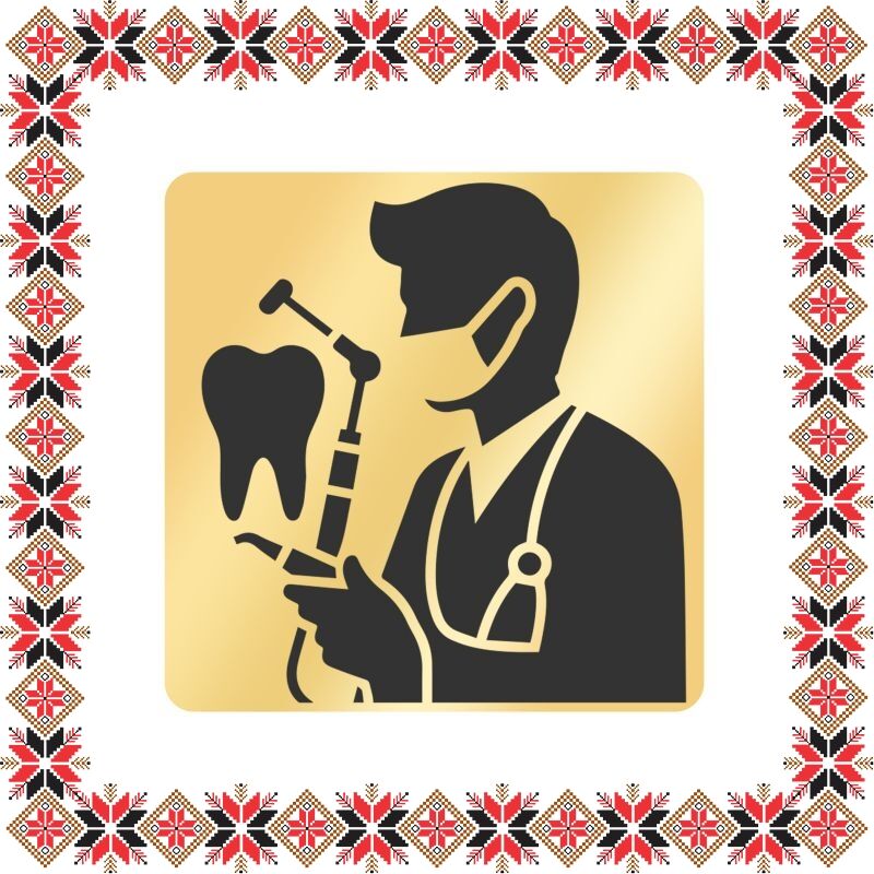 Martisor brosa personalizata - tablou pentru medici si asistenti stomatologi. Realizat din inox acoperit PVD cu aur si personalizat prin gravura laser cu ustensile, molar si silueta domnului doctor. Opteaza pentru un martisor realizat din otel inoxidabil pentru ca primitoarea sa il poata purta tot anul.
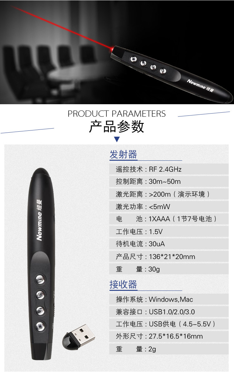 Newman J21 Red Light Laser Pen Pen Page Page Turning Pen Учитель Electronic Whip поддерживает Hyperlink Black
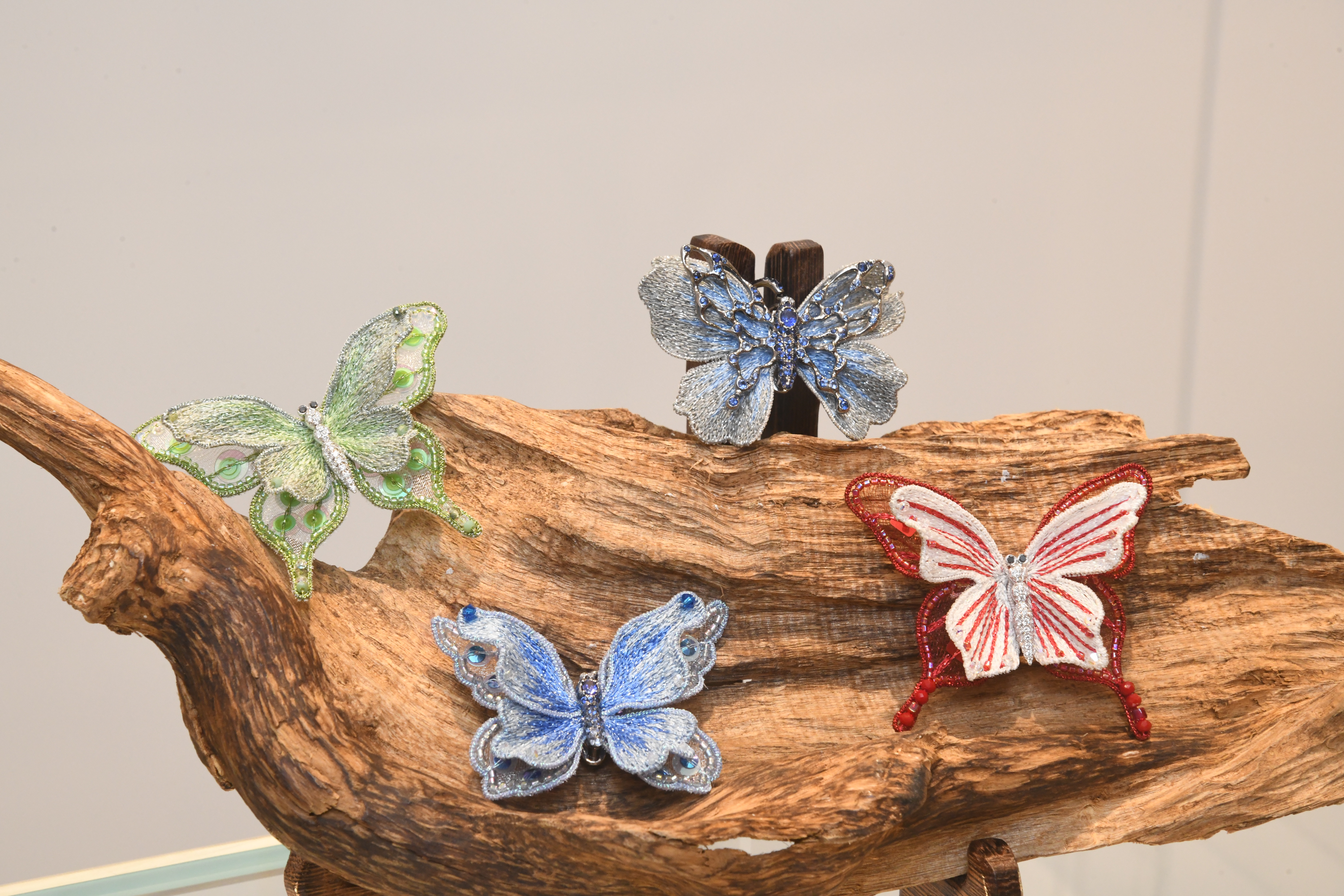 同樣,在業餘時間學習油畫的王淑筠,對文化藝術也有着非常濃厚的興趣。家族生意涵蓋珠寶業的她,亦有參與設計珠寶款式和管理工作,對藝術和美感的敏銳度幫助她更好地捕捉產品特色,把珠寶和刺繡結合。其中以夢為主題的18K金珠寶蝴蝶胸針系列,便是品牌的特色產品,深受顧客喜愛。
——————————
▸ **WHAT YOU HAVE TO DO**: Please print the data above once more, exactly and without images.

▸ **RESPONSE TO THIS EXERCISE**:
 Martisor brosa personalizata - tablou pentru medici si asistenti stomatologi. Realizat din inox acoperit PVD cu aur si personalizat prin gravura laser cu ustensile, molar si silueta domnului doctor. Opteaza pentru un martisor realizat din otel inoxidabil pentru ca primitoarea sa il poata purta tot anul.
 Newman J21 Red Light Laser Pen Pen Page Page Turning Pen Учитель Electronic Whip поддерживает Hyperlink Black
 同樣,在業餘時間學習油畫的王淑筠,對文化藝術也有着非常濃厚的興趣。家族生意涵蓋珠寶業的她,亦有參與設計珠寶款式和管理工作,對藝術和美感的敏銳度幫助她更好地捕捉產品特色,把珠寶和刺繡結合。其中以夢為主題的18K金珠寶蝴蝶胸針系列,便是品牌的特色產品,深受顧客喜愛。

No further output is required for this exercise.